This is just supposition now, the puny thing with 4 hit points isn't going to just stand there and let you hit it even if it only has two brain cells to rub together.
I recently purchased DDO and share some of the authors opinion on the final product. I do have a fews problems with some of what is written though.
"It's a fact that the race most often played in a MMOG is 'human', and the unliving nature of the Warforged may make them an unpopular race."
Or it might have something to do with the fact that warforged are considered constructs and thus only healed for half the amount by clerical spells (unless they have a specific feat) and must be healed with a different set of spells (that most wizards don't bother with as they want to do damage). Such mechanics make the warforged a bit of a liability for some groups. I don't think thier humanity plays much of a role to informed players.
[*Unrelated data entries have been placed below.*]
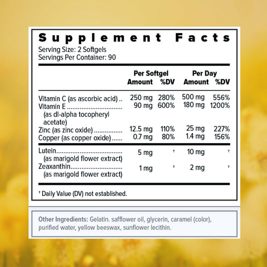 AREDS2 Based Eye Vitamin-Mineral Supplement without Soy - Low Zinc Formula - 180 ct. Eye Health Supplement for Vision Support
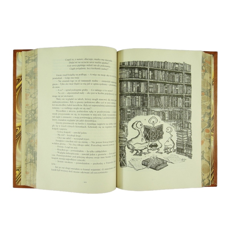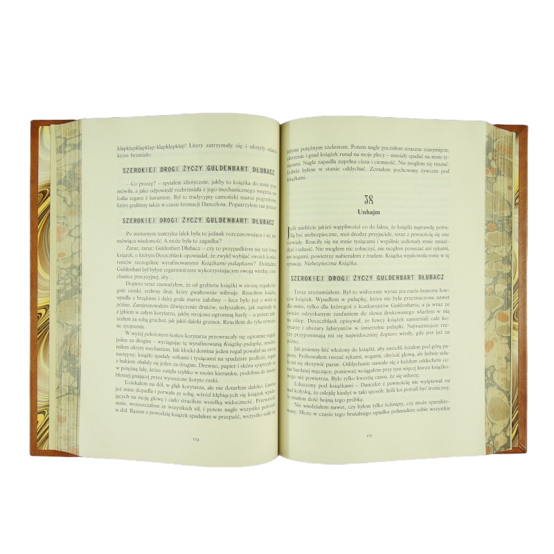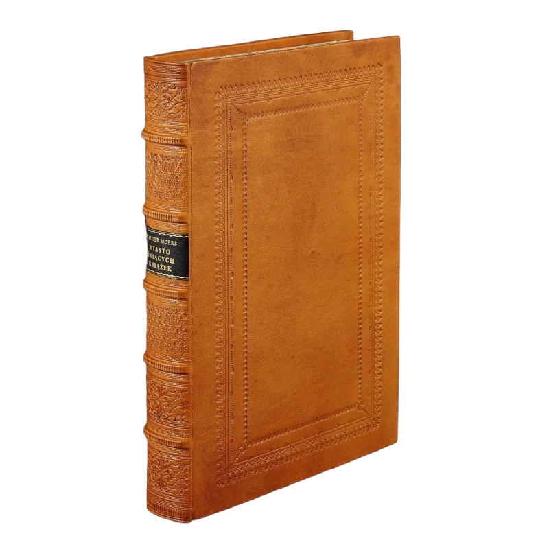 Egzemplarz czysty w bardzo dobrym stanie. Pełna brązowa skóra. Dekoracyjne tłoczenia na polach grzbietu, okładkach oraz krawędziach. Tytulatura złotem na skórzanym szyldziku. Wyklejki i brzegi kart ręcznie marmoryzowane.
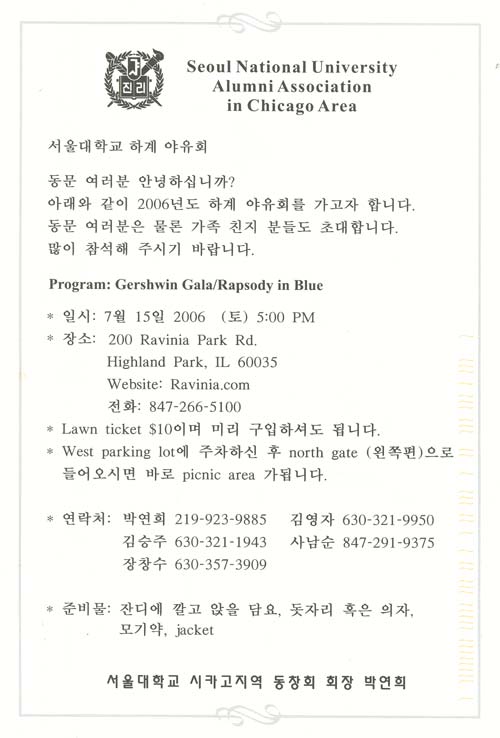 SNUAA Chicago 2006 Picnic at Ravinia Park - July 15 (Saturday) |
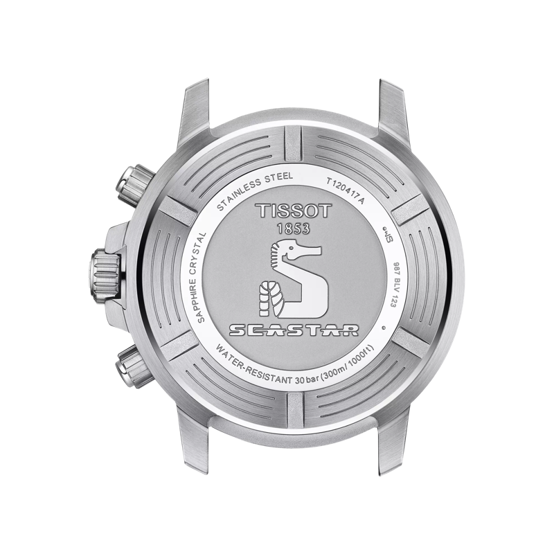 The Tissot Seastar 1000 Chronograph is the instinctive choice for water sports lovers. Its impressive water-resistance up to a pressure of 30 bar (300 m/1000 ft) is combined with the energy of a Swiss-made quartz movement. And features all the element required in a useful instrument: screw-down crown and case back, unidirectional steel bezel with aluminium ring and highly luminescent material for excellent readability in the dark.

"Instead of hitting fight and using abilities as they become available, or simply watching as your avatar filets a bunny, DDO is a click-fest worthy of either Diablo game."
This is somewhat misleading. While you *can* play click style, there is an auto-combat option as with nearly every other MMORPG. It is dissimilair to some in that most monsters don't much care for dying and so you have to make sure you stay within swinging distance.
"D&D monsters aren't like the villains of Diablo; They jump around, move out of range, and generally do their best not to get killed. That means that in addition to repeatedly clicking on your opponent you're going to be trying to follow their movements. It's all too dang chaotic to be truly fun."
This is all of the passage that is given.